Trusted Digital Identities
Bank Secrecy Act (BSA) regulations mandate Customer Identification Programs (CIP) as one of the pillars of AntiMoney Laundering (AML). The BSA also mandates that FI’s must risk-rate their applicants, and apply enhanced duediligence (EDD) for higher risk clients. The question is how to establish the risk rating of an identity solely based on the information provided, when such information can be reasonably easy to acquire, especially to those who have the means and the motivation to do so.
Establishing that an applicant is who they say they are and evaluating all of their entities (e.g. email addresses, physical addresses, credit cards, devices) against various risk indicators, including affiliations and connections to verifiable sources of risk, is the basis of Trusted Digital Identities? (TDI?).
There is clear value in performing identity validation beyond compliance.
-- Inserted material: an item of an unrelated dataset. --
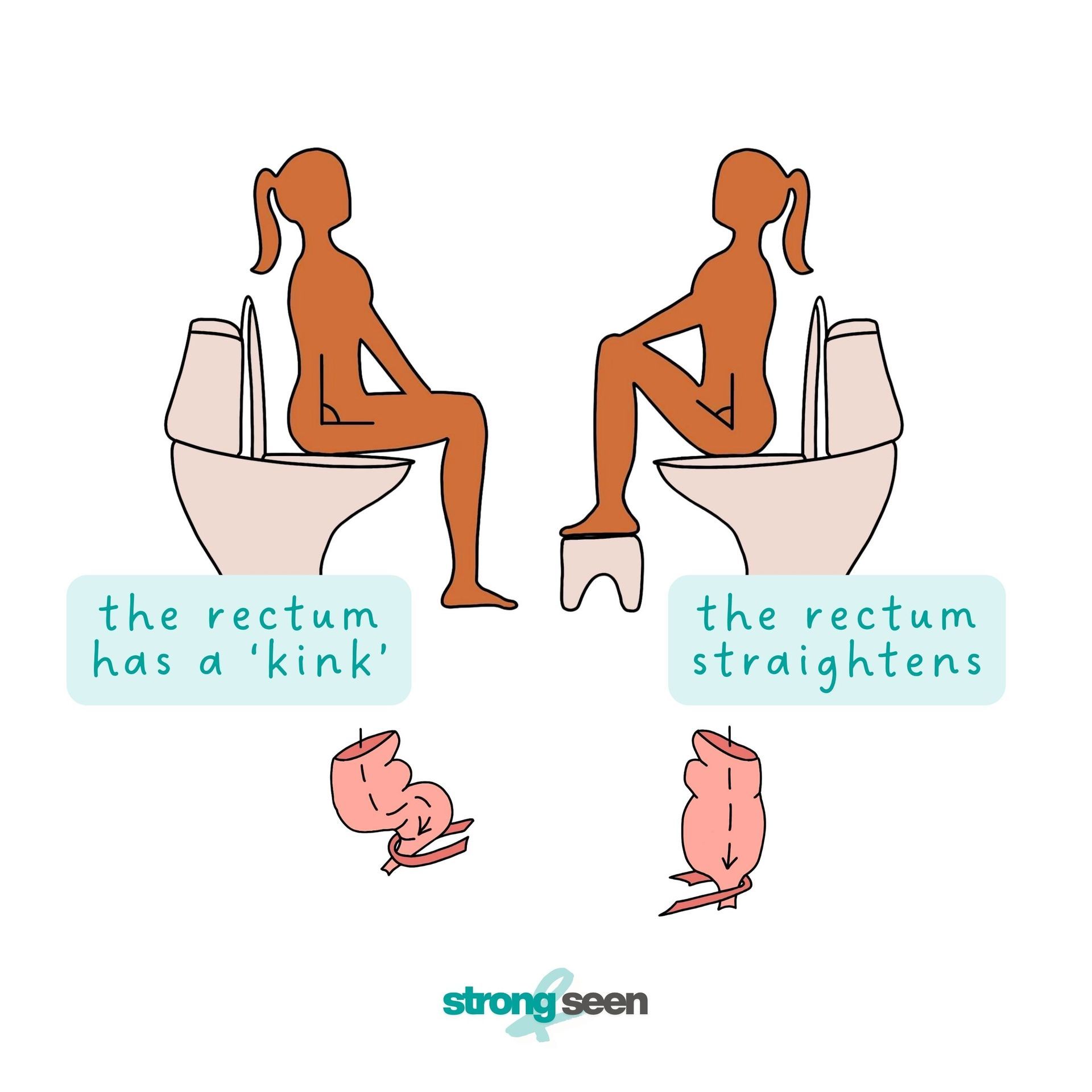 • When you sit with your knees slightly higher than your hips (using a step stool or “squatty potty”), that bend straightens out - like unkinking a hose. Suddenly everything flows more easily, with far less strain.

The more certain you are about dealing with a real identity, the better you understand the risk involved in a transaction. In order to validate an identity online there are many options. There are third party databases, such as IdentityMind (IDM), to validate that the applicant’s information have been seen before. You may also use social networks, deep web searches, etc. If there are inconsistencies in the data, you can perform EDD such as Out of Wallet Questions / Knowledge Based Authentication. Some FI’s incorporate document verification (specifically in countries that welcome it such as Germany and Canada) as well as biometrics.